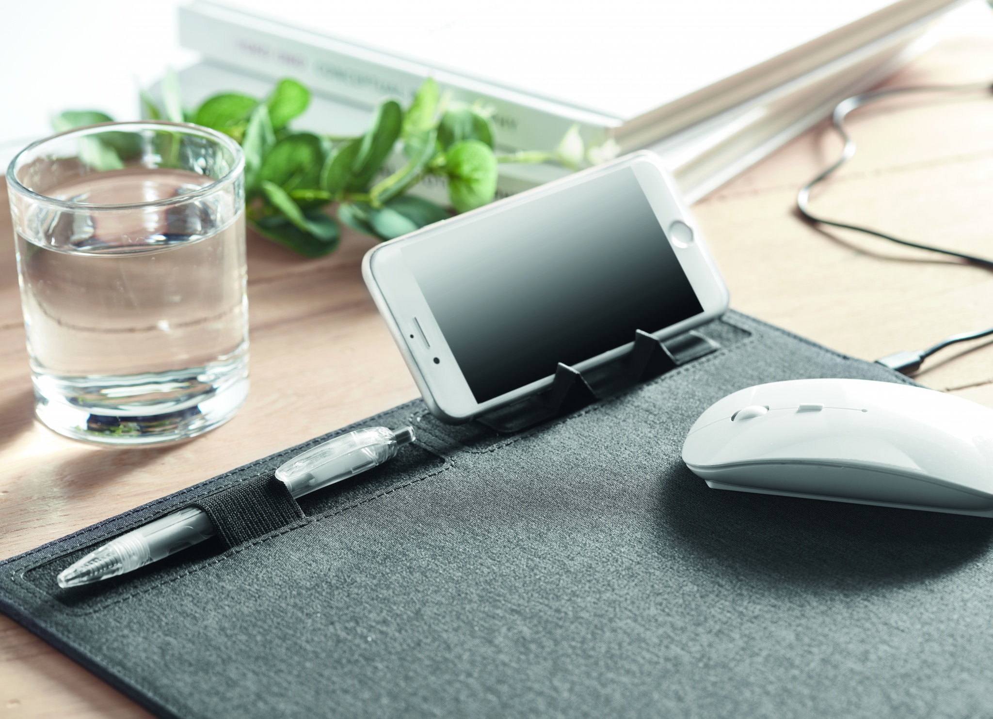 Multifunktionales 2tone Mousepad aus 300D-Polyester-RPET mit induktiver Ladestation und Smartphone-Halter. Ausgang: DC 9V/1.6A(15W) für schnelles Aufladen. Kompatibel mit den neuesten Android Smartphones, iPhone® 8, 8S und X und höher.
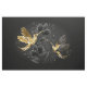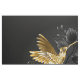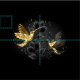 Joias pretas e douradas, beija-flores, sobre fundo de cinza decorado com plantas. Pássaros joalharia. Pássaro ouro. Pássaro Dourado.
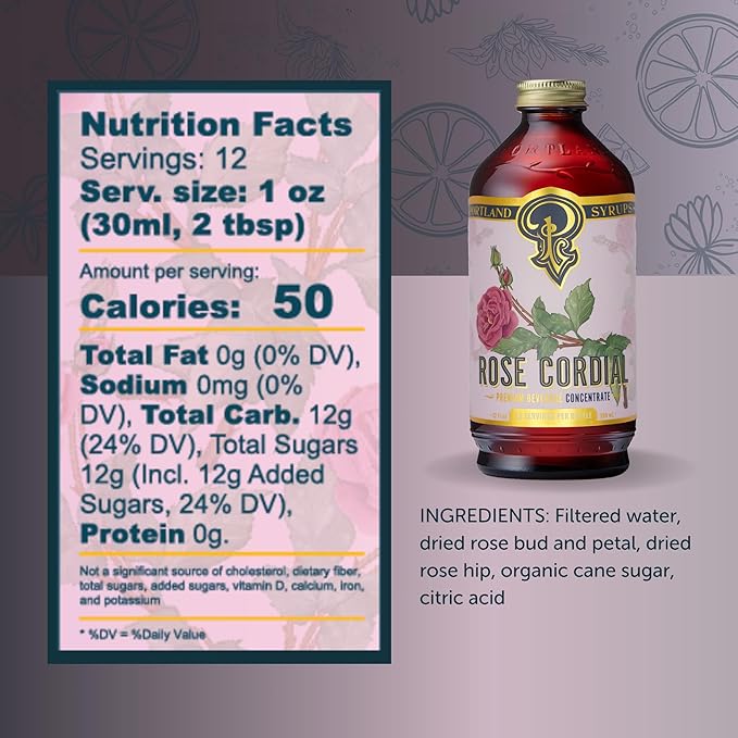 - Elevated Floral Elixirs: Immerse yourself in the fragrant world of Rose Cordial Syrup, meticulously crafted with whole dried rose blossoms and petals, capturing the flower's essence in every sip.
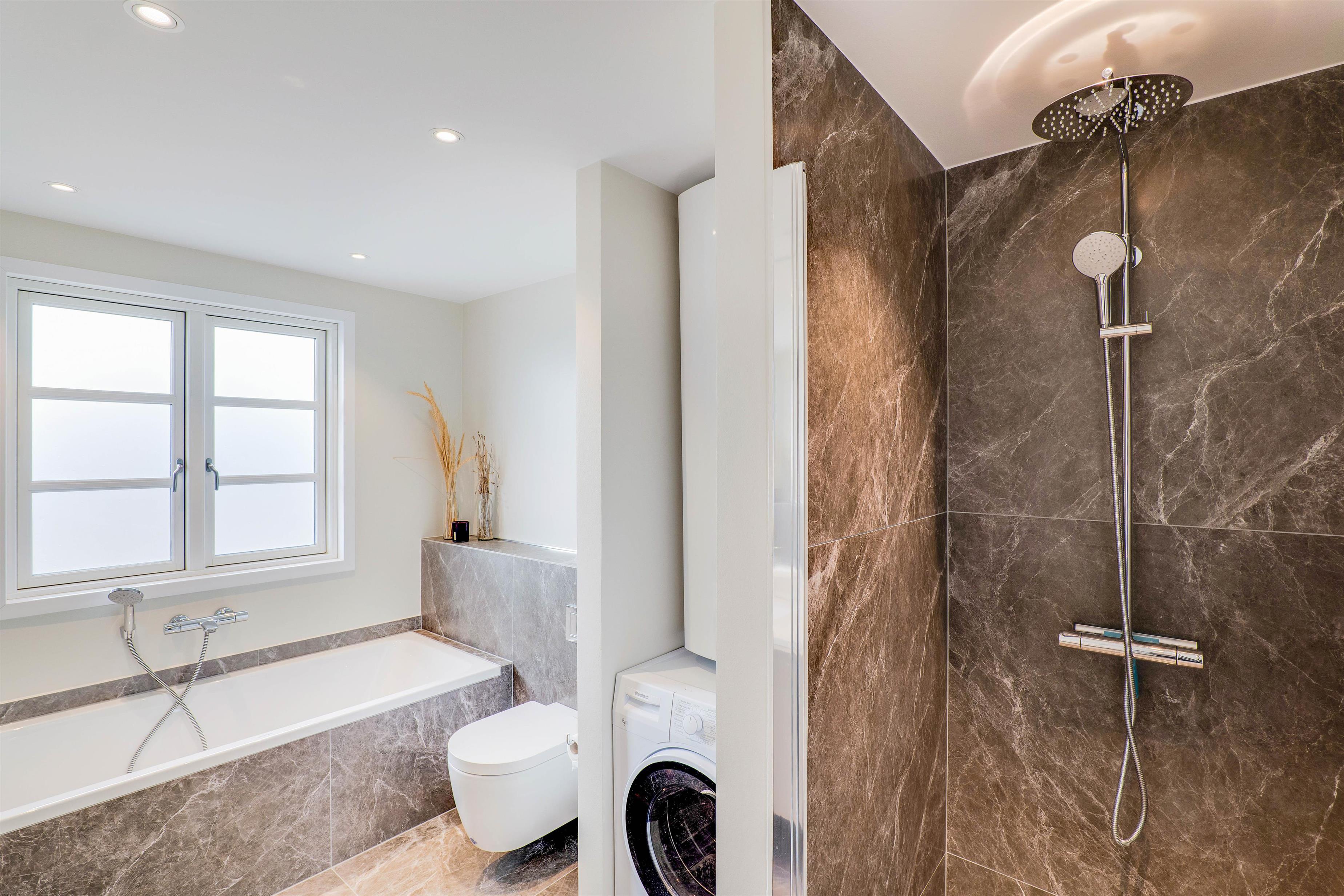 På feriehusets lyse badeværelse, er der ligeledes et badekar. Her på badeværelset er vaskemaskinen også placeret. I skal ikke tænke på at børnene leger for meget udenfor i sandkassen, eller på den store grund, som hører med til huset. I kan vaske tøjet inden I tager hjem og undgå den store vasketøjsdynge, når I kommer hjem.
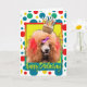 Celebrar um aniversário com este Cartão de Saudação de Cachorro de Poodle. Com um cupcake balanceado na cabeça, este design pode trazer um sorriso e risadinhas! BTW, Este design tem várias versões, com diferentes cores de fundo. Há também um convite para uma versão do Partido.
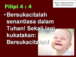 Dokumen ini menyenaraikan nama Stephen Antonius yang berulang kali, menunjukkan kelas XI.A dalam pemasaran. Ini menunjukkan pengulangan maklumat yang sama. Tidak terdapat informasi tambahan yang disediakan.
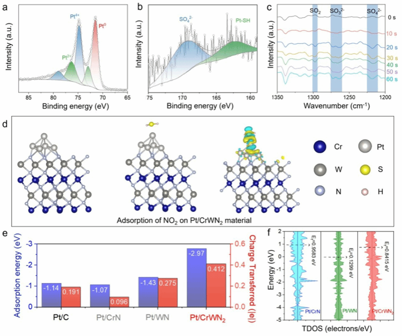 图3. 传感器敏感机制。(a)Pt 4f和(b)S 2p吸附H2S后的高分辨率XPS光谱;(c)Pt/CrWN2材料吸附H2S后的原位FT-IR光谱;(d)Pt/CrWN2优化后的H2S 吸附结构模型;(e) 四种材料的吸附能和电荷转移图;(f) Pt/CrN、Pt/WN 和 Pt/CrWN2的态密度。
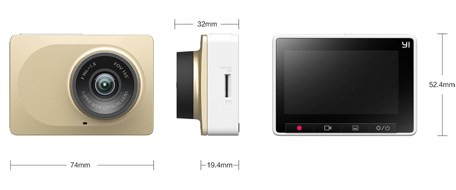 Das Gehäuse der Smart DashCam ist vollkommen frei von Metall und besteht zu 100% aus Kunststoff, ist aber dennoch sehr gut verarbeitet. Laut Hersteller wurden zudem ausschließlich umweltverträgliche Materialien im Gerät verbaut. Sie ist in 2 unterschiedlichen Farben verfügbar. Zur Wahl stehen Anthrazit und Gold. Zudem ist die Kamera mit gerade einmal 72,2g extrem leicht. Die Maße der Kamera betragen 74,2 x 52,3 x 19,8mm (ohne Linse), bzw. 74,2 x 52,3 x 31,8mm mit Linse und sie verfügt über ein 2,7“ großes TFT 16:9 Display, welches mit 960 x 240 auflöst. Hierbei handelt es sich jedoch nicht um einen Touchscreen. Die Bedienung erfolgt ausschließlich mittels der 4 Tasten unterhalb der Displays.
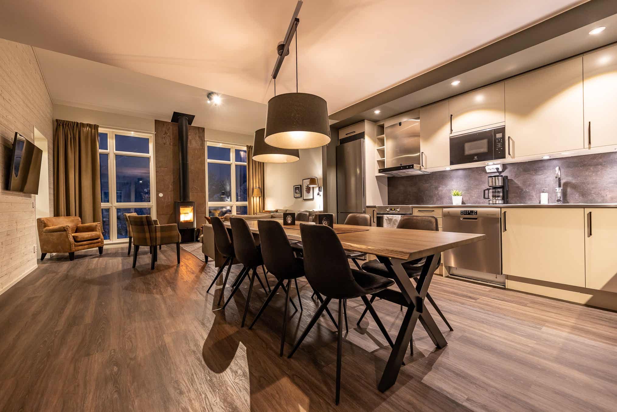 De keuken is voorzien van oven, elektrische kookplaat, koelkast, vriezer, vaatwasser, magnetron.
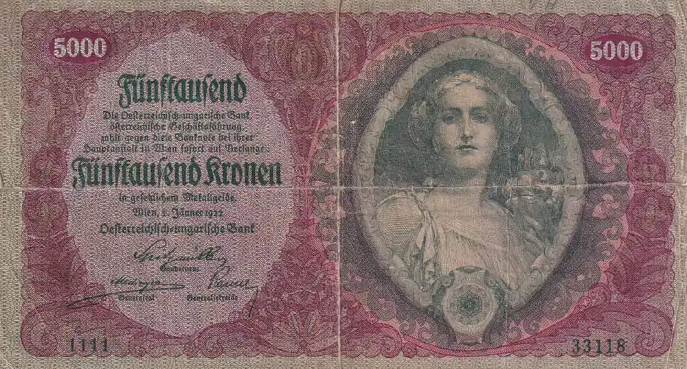 Billet Autriche 5000 Kronen – Jeune Femme – 1922 – P.79 Haute Qualité
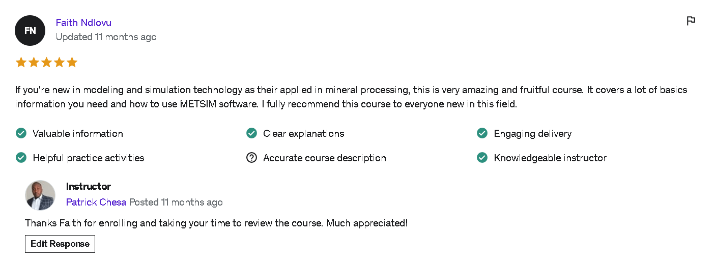 “Just completed the Level 1 training on Process Simulation and Modelling in METSIM. Enjoyed every moment of the learning process. From the user interface, to the module content and practicals, it gives quite an informative introduction into simulation techniques in mineral processing. Definitely looking forward to Level 2. Highly recommend this course for individuals interested in process modelling using simulation software.
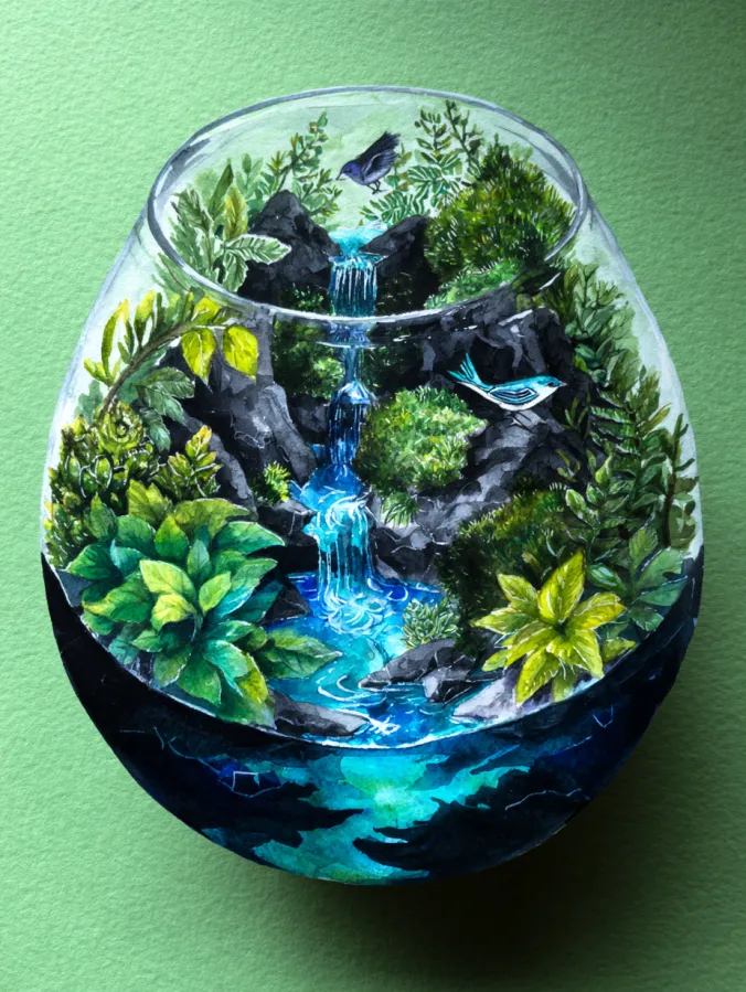 This mini watercolor painting shows a glass bowl terrarium filled with layered greenery, dark rocky textures, and a bright cascading waterfall flowing through the center. Lush greens pop against deep charcoal stones, while the water glows in fresh blues and teals with soft highlights that feel almost luminous. The brush strokes are detailed yet fluid, especially in the leaves and water where gentle blends and small flicks add movement. The rounded glass shape frames the entire scene beautifully and makes the composition feel cozy, balanced, and full of tiny discoveries.

» **What you will do**
Would you write out exactly the lines above, starting at the line containing "De keuken is" and stopping after the line containing "using simulation software."? Omit the pictures.

» **Result**
 De keuken is voorzien van oven, elektrische kookplaat, koelkast, vriezer, vaatwasser, magnetron.
 Billet Autriche 5000 Kronen – Jeune Femme – 1922 – P.79 Haute Qualité
 “Just completed the Level 1 training on Process Simulation and Modelling in METSIM. Enjoyed every moment of the learning process. From the user interface, to the module content and practicals, it gives quite an informative introduction into simulation techniques in mineral processing. Definitely looking forward to Level 2. Highly recommend this course for individuals interested in process modelling using simulation software.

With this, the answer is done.